**Source material**
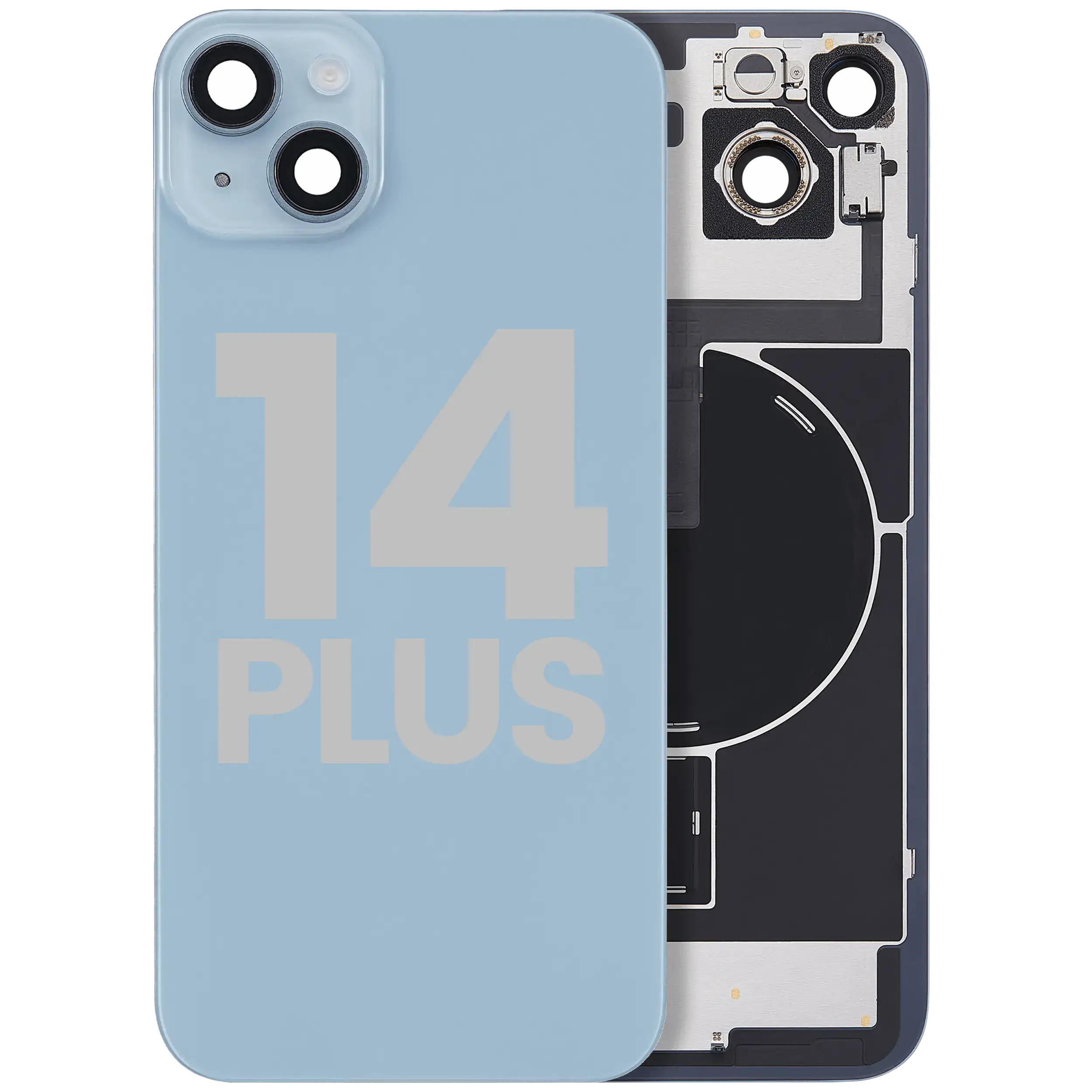 Back Glass With Steel Plate With Wireless NFC Charging MagSafe Magnet & Flashlight Flex iPhone 14 Plus (Used OEM Pull: Grade B) (Blue)
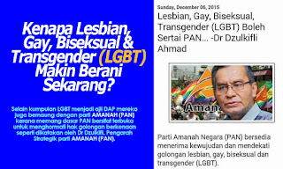 Kerana mendapat sokongan politik, maka kumpulan LGBT telah merasa diri mereka selamat. Itulah apa yang diusahakan oleh AMANAH (PAN) untuk kumpulan LGBT.
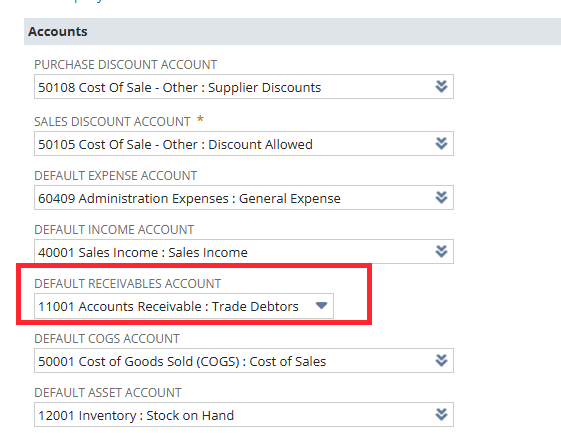 I can onyl see an option to set a default receivables account
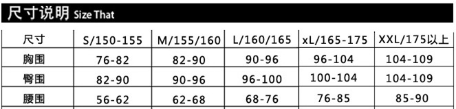 尺码 S码145~155,M码156~162,L码163~168,XL码168~172,XXL码173~180

**Brief**
The expected answer consists solely of the lines from the one with "Kerana mendapat sokongan" through the last line of the listing above, restated exactly, minus any pictures.

**Solution to this problem**
 Kerana mendapat sokongan politik, maka kumpulan LGBT telah merasa diri mereka selamat. Itulah apa yang diusahakan oleh AMANAH (PAN) untuk kumpulan LGBT.
 I can onyl see an option to set a default receivables account
 尺码 S码145~155,M码156~162,L码163~168,XL码168~172,XXL码173~180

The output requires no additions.